═══ Record excerpts

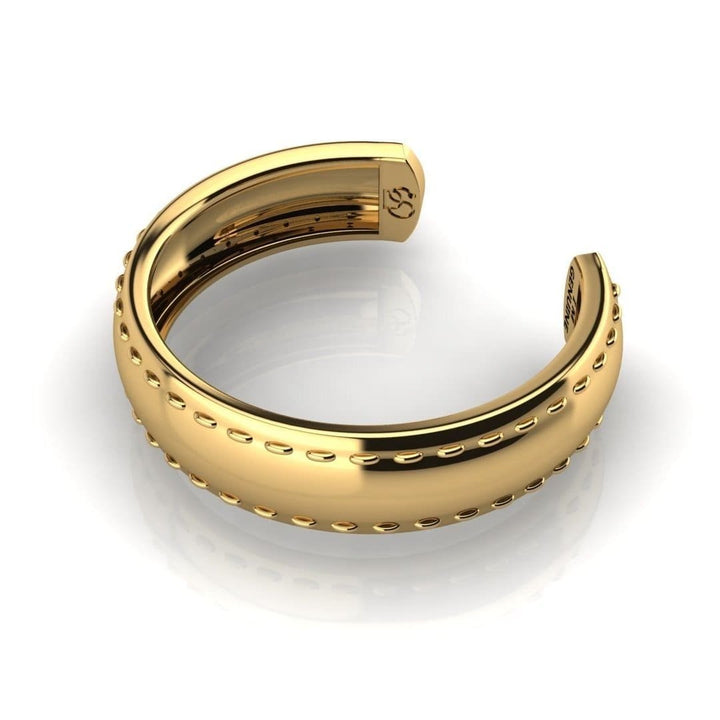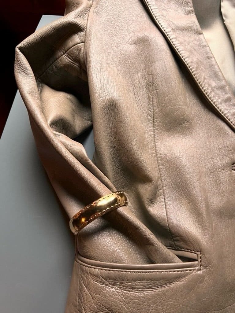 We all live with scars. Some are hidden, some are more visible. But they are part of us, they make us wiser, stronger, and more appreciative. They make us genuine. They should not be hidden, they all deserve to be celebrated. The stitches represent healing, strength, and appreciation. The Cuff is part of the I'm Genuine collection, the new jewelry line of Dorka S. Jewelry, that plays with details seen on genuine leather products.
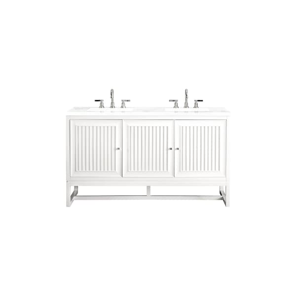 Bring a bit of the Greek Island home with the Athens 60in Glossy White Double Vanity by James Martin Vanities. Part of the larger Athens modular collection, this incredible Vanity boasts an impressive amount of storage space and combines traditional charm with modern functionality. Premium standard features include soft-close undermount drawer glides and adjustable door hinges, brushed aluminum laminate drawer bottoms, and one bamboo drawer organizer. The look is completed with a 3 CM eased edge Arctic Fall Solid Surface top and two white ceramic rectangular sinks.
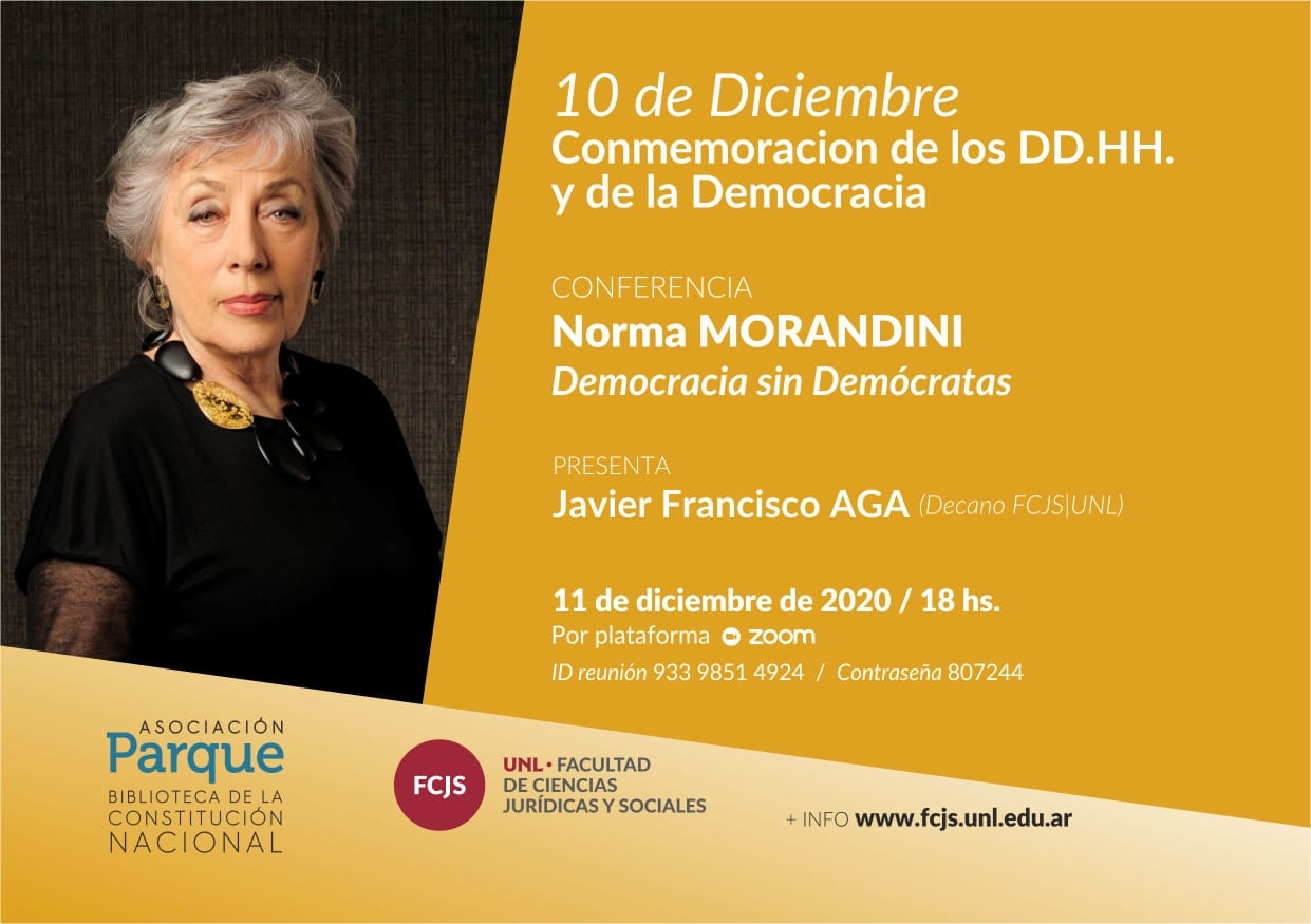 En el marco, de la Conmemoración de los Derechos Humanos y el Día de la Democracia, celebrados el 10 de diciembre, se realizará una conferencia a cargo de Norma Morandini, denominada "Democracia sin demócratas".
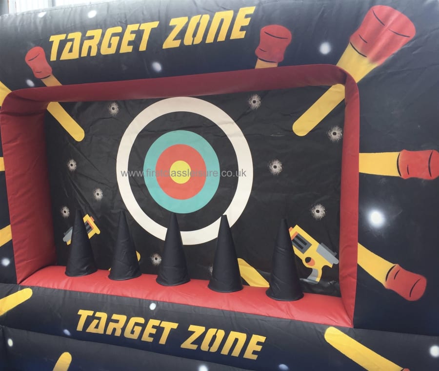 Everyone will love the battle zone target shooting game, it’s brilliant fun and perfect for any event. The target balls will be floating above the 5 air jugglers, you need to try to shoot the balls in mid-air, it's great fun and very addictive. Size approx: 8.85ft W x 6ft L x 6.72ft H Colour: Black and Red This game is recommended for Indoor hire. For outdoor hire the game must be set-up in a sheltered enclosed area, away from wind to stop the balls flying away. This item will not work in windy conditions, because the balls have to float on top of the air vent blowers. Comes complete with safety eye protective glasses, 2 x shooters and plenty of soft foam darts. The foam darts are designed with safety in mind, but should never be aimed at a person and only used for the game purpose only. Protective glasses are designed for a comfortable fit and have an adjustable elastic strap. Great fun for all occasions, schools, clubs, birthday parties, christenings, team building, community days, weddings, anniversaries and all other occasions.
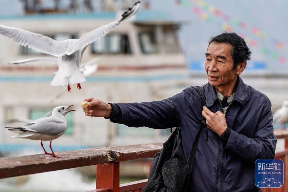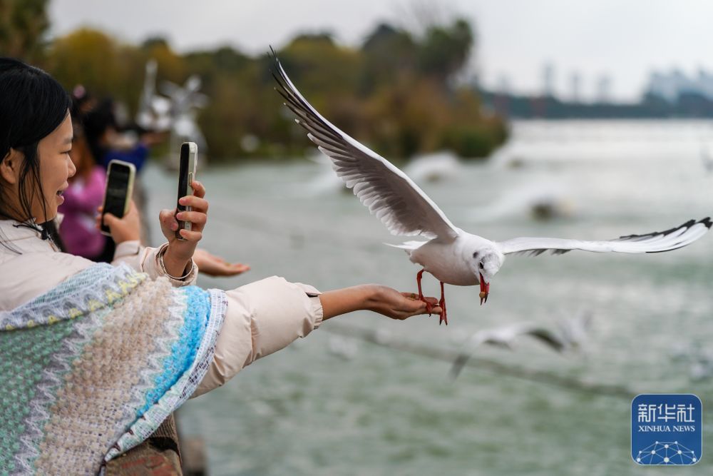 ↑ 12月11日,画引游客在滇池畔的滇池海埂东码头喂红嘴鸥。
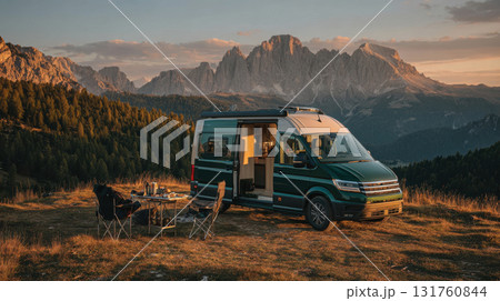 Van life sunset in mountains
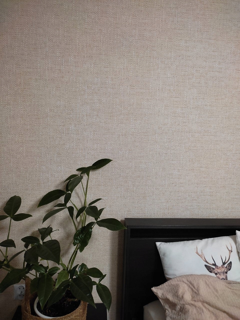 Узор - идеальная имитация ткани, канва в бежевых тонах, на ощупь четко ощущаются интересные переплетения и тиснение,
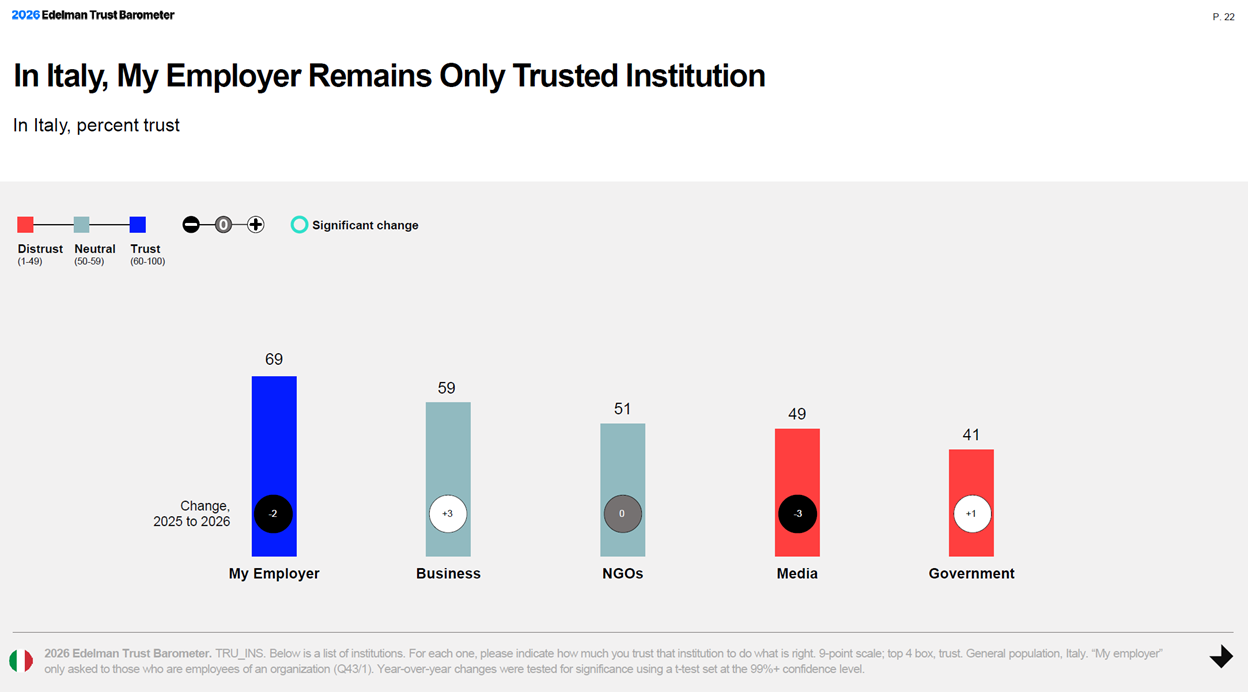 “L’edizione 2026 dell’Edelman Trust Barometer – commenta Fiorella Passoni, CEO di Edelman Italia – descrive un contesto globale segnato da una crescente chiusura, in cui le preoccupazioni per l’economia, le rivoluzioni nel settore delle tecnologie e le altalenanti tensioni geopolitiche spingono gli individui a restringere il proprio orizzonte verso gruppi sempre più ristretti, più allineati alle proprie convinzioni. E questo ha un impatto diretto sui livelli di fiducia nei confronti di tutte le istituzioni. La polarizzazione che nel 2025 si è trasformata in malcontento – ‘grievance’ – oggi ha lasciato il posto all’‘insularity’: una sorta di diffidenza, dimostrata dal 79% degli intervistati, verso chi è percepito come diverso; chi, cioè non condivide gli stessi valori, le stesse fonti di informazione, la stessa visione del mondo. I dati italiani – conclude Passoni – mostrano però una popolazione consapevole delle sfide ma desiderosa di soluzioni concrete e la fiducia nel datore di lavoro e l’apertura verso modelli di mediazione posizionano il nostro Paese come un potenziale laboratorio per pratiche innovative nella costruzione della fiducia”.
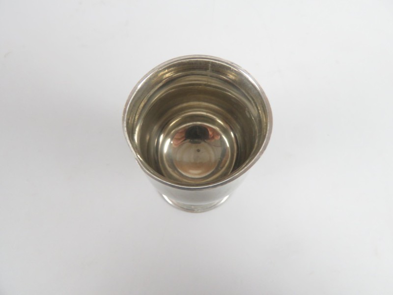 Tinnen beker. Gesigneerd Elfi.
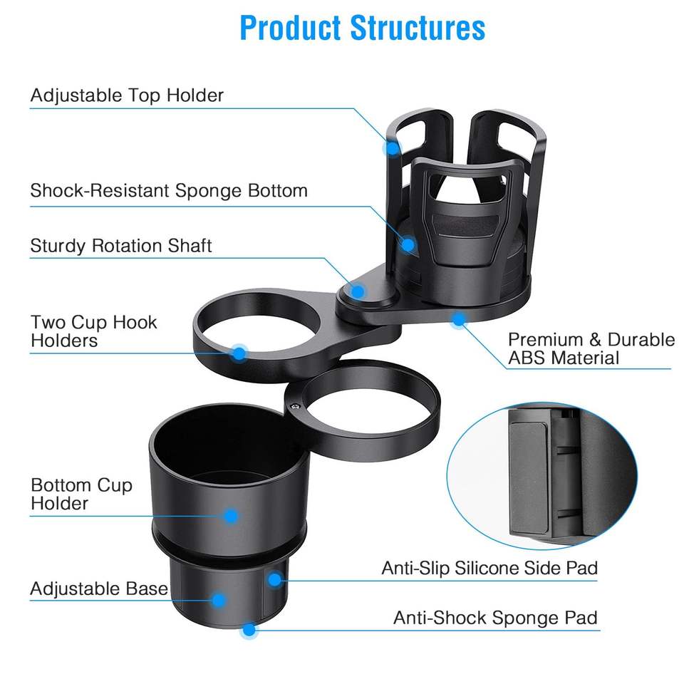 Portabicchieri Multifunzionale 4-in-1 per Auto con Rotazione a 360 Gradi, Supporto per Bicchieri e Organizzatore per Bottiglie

══════

-- Problem details --
Leave out the pictures and repeat the remaining data exactly.

-- Solution to this exercise --
 We all live with scars. Some are hidden, some are more visible. But they are part of us, they make us wiser, stronger, and more appreciative. They make us genuine. They should not be hidden, they all deserve to be celebrated. The stitches represent healing, strength, and appreciation. The Cuff is part of the I'm Genuine collection, the new jewelry line of Dorka S. Jewelry, that plays with details seen on genuine leather products.
 Bring a bit of the Greek Island home with the Athens 60in Glossy White Double Vanity by James Martin Vanities. Part of the larger Athens modular collection, this incredible Vanity boasts an impressive amount of storage space and combines traditional charm with modern functionality. Premium standard features include soft-close undermount drawer glides and adjustable door hinges, brushed aluminum laminate drawer bottoms, and one bamboo drawer organizer. The look is completed with a 3 CM eased edge Arctic Fall Solid Surface top and two white ceramic rectangular sinks.
 En el marco, de la Conmemoración de los Derechos Humanos y el Día de la Democracia, celebrados el 10 de diciembre, se realizará una conferencia a cargo de Norma Morandini, denominada "Democracia sin demócratas".
 Everyone will love the battle zone target shooting game, it’s brilliant fun and perfect for any event. The target balls will be floating above the 5 air jugglers, you need to try to shoot the balls in mid-air, it's great fun and very addictive. Size approx: 8.85ft W x 6ft L x 6.72ft H Colour: Black and Red This game is recommended for Indoor hire. For outdoor hire the game must be set-up in a sheltered enclosed area, away from wind to stop the balls flying away. This item will not work in windy conditions, because the balls have to float on top of the air vent blowers. Comes complete with safety eye protective glasses, 2 x shooters and plenty of soft foam darts. The foam darts are designed with safety in mind, but should never be aimed at a person and only used for the game purpose only. Protective glasses are designed for a comfortable fit and have an adjustable elastic strap. Great fun for all occasions, schools, clubs, birthday parties, christenings, team building, community days, weddings, anniversaries and all other occasions.
 ↑ 12月11日,画引游客在滇池畔的滇池海埂东码头喂红嘴鸥。
 Van life sunset in mountains
 Узор - идеальная имитация ткани, канва в бежевых тонах, на ощупь четко ощущаются интересные переплетения и тиснение,
 “L’edizione 2026 dell’Edelman Trust Barometer – commenta Fiorella Passoni, CEO di Edelman Italia – descrive un contesto globale segnato da una crescente chiusura, in cui le preoccupazioni per l’economia, le rivoluzioni nel settore delle tecnologie e le altalenanti tensioni geopolitiche spingono gli individui a restringere il proprio orizzonte verso gruppi sempre più ristretti, più allineati alle proprie convinzioni. E questo ha un impatto diretto sui livelli di fiducia nei confronti di tutte le istituzioni. La polarizzazione che nel 2025 si è trasformata in malcontento – ‘grievance’ – oggi ha lasciato il posto all’‘insularity’: una sorta di diffidenza, dimostrata dal 79% degli intervistati, verso chi è percepito come diverso; chi, cioè non condivide gli stessi valori, le stesse fonti di informazione, la stessa visione del mondo. I dati italiani – conclude Passoni – mostrano però una popolazione consapevole delle sfide ma desiderosa di soluzioni concrete e la fiducia nel datore di lavoro e l’apertura verso modelli di mediazione posizionano il nostro Paese come un potenziale laboratorio per pratiche innovative nella costruzione della fiducia”.
 Tinnen beker. Gesigneerd Elfi.
 Portabicchieri Multifunzionale 4-in-1 per Auto con Rotazione a 360 Gradi, Supporto per Bicchieri e Organizzatore per Bottiglie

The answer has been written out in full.